Perhaps she could make a deal and end the war, with that kind of influence.
She needs time, sleep, calm, in order to formulate such a plan. But the truth of it, the heart of it, is that she cannot allow her beloved father to die without so much as kissing his forehead and saying goodbye.
The thought brings a lump to her throat, but it needs to be done.
Even if he has sent his soldiers for her, and asked for her returned in chains. If he is dying someone else may be running things: if he is dying perhaps he would welcome her home.
Perhaps she could go home.
“Will you come with me?” she asks, voice shaking and weak as she swallows hard, “You don’t have to. I won’t make you. You can run and I’ll go alone.”
“I promised, didn’t I?” he says, although he sounds no braver or surer than she does, “You’ll always be with us.”
She laughs, sniffs, swallows hard, and his thumb comes to rub the tears from her cheeks.
“Does that mean you’ll drag me with you when you bolt?” she asks, “Or that you’ll come with me to the castle?”
“It means.” He takes a deep breath, shuddering, terrified, “That we must do what we must.”
“And what is that?”
“You won’t be happy… and so none of us will… unless you feel you have done what needs doing.”

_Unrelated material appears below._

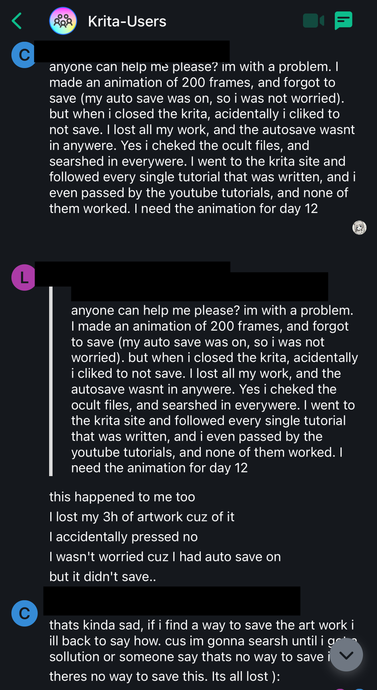 People often enough think that the auto-save function will save the work for them and then get disappointed when there is no file after they close the program and didn’t save the file on their own, and their hard work is gone. Honestly I can’t blame them, the name is a bit misleading when comparing what it actually does to other software. I think it would be better to change the name of the functionality to something like auto-recovery or anything along the line, to better convey that this is just for when things go wrong, not an actual save.

“I have to say goodbye,” she says, “And I have to make sure that my homeland is safe from the monsters I unleashed.” He doesn’t argue the point: he doesn’t have to. “So I need to go back to the castle. If only for a day or two.” She looks at him, at his warm eyes so clouded by fear, his desperation to be brave for her and his certainty that he can’t be. “But I promise: I won’t do anything to put Bae in danger. Or you. I couldn’t-“ she swallows hard, sniffs, “You come with me, hold my hand, and in return… in return I keep us as safe as I can.”
“Do we have a deal, Rumpelstiltskin?” she asks, needing his agreement. Needing him to understand that she would do anything to keep them safe.
“Belle…” he looks down at their hands, clasped tight, and she hopes he can see that she never intends to truly let go. He is her family now, him and Bae, and this is what needs doing to keep it that way. That is all that matters. “Alright. Yes. Deal.”
“Then to the castle we go.” She give him a smile, small and pitiful but true, and he responds in kind.
He kisses her a moment later, out of nowhere, as if he is a boy who has just gotten up the courage to do so. She leans in, kisses him back, curls herself around his side where he sits on the bench, and lets his warmth cover her, envelop her.
He will keep her safe: he faced a knight and a sordid history, and a story of demons for her this morning. Her tender, fearful, harmless husband, and he braved the wolves for her.
So she will keep him safe, and the boy she wishes more each day was truly hers. She will do anything that is needed to keep them with her, to keep them from having to fight or die. They are her family, and she will keep them safe.